General Characteristics
They are haploid gametophytic, eukaryotic, sun-loving, autotrophic, chlorophyllous, cryptogamic, nonvascular thallophytic aquatic plants. Often called the children of the sea, they are primary producers of food, occupying three-fourths of the earth’s surface and accounting for about 90% of total photosynthesis. Marine algae are the main producers.
They are considered plants because they possess chlorophyll a, a cellulosic cell wall, starch as a reserve food, and absorb nutrients in liquid form. The plant body is a thallus that may be unicellular, filamentous, or colonial, and is formed of true parenchyma. Their reserve food is mainly starch.

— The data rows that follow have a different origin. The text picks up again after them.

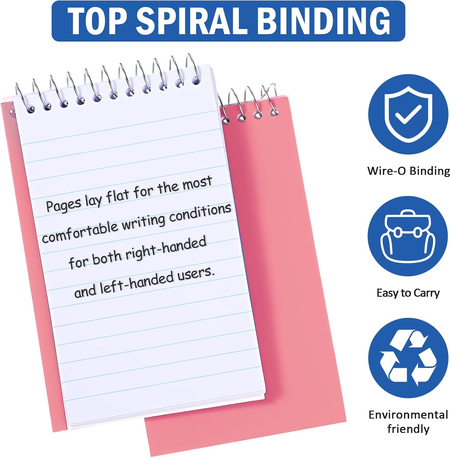 - Top Bound Design: unlike other common note pads, our memo pads notebooks have the spiral design at the top for easy access of sheets inside, which will also allow you to put them in your backpack, pocket, handbag or purse at the same time; And the flat pages can provide more comfortable conditions for right and left handed users, satisfy your multiple needs
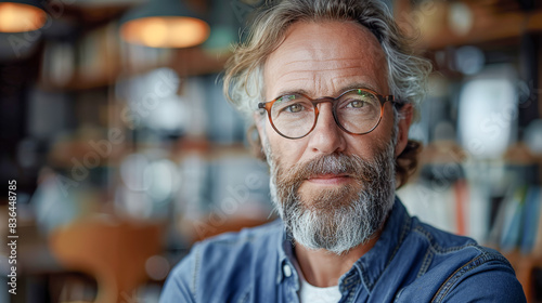 Portrait of a Smiling Male Entrepreneur Capturing the Charisma and Confidence of a Successful Business Owner, Radiating Self-Assuredness and Managerial Excellence Wallpaper Digital Art Poster
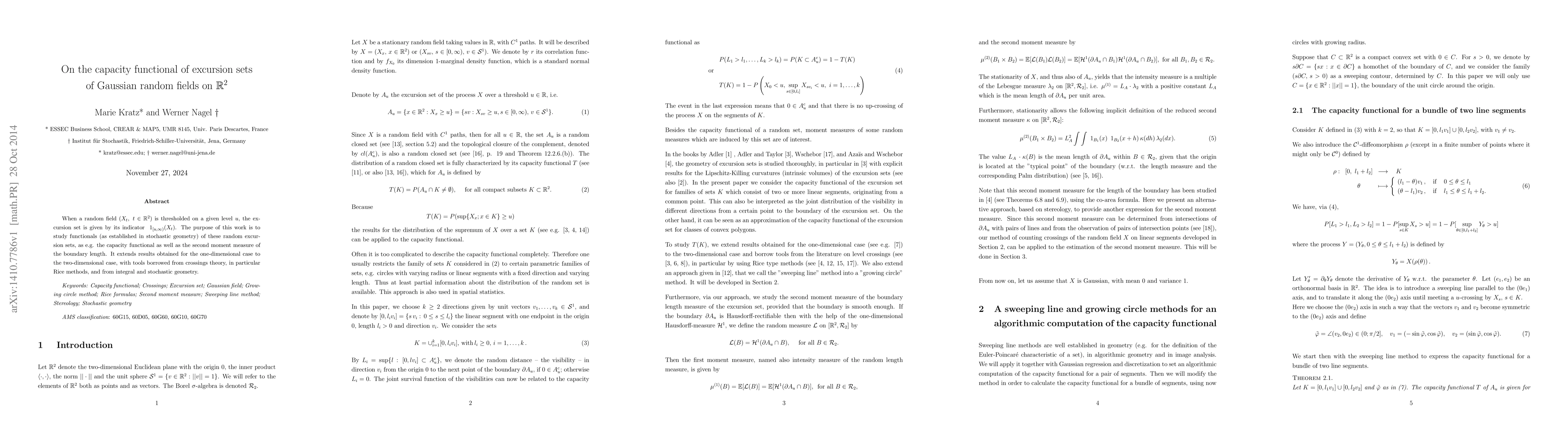 This research paper explores the capacity functional of excursion sets in 2D Gaussian random fields, extending one-dimensional results with tools from crossings theory and integral geometry.

Water is essential for fertilization. Asexual reproduction occurs by one-celled mitospores, while sex organs are unicellular, non-jacketed, and called gametangia. The zygote sheds and develops into a thick-walled, perennating zygospore, but it never develops into an embryo. There is progressive complexity in sex organs from lower to higher forms of algae. Meiosis is primarily zygotic, although in brown algae, it is characterized as sporic meiosis.
True alternation of generations is absent except in Ectocarpus, which shows isomorphic alternation of generations. The life cycle is mostly of the haplontic type. Algae do not require mechanical tissue because buoyancy holds them upright.
History of Algae
Morris is regarded as the Father of Algae and M.O.P. Iyenger is the Father of Indian Phycology. He discovered Fritschiella, a heterotrichous terrestrial alga. The study of algae is called algology or phycology (Gr. phykos = algae) and its expert is a phycologist. Narayana Rao worked on Indian fossil algae.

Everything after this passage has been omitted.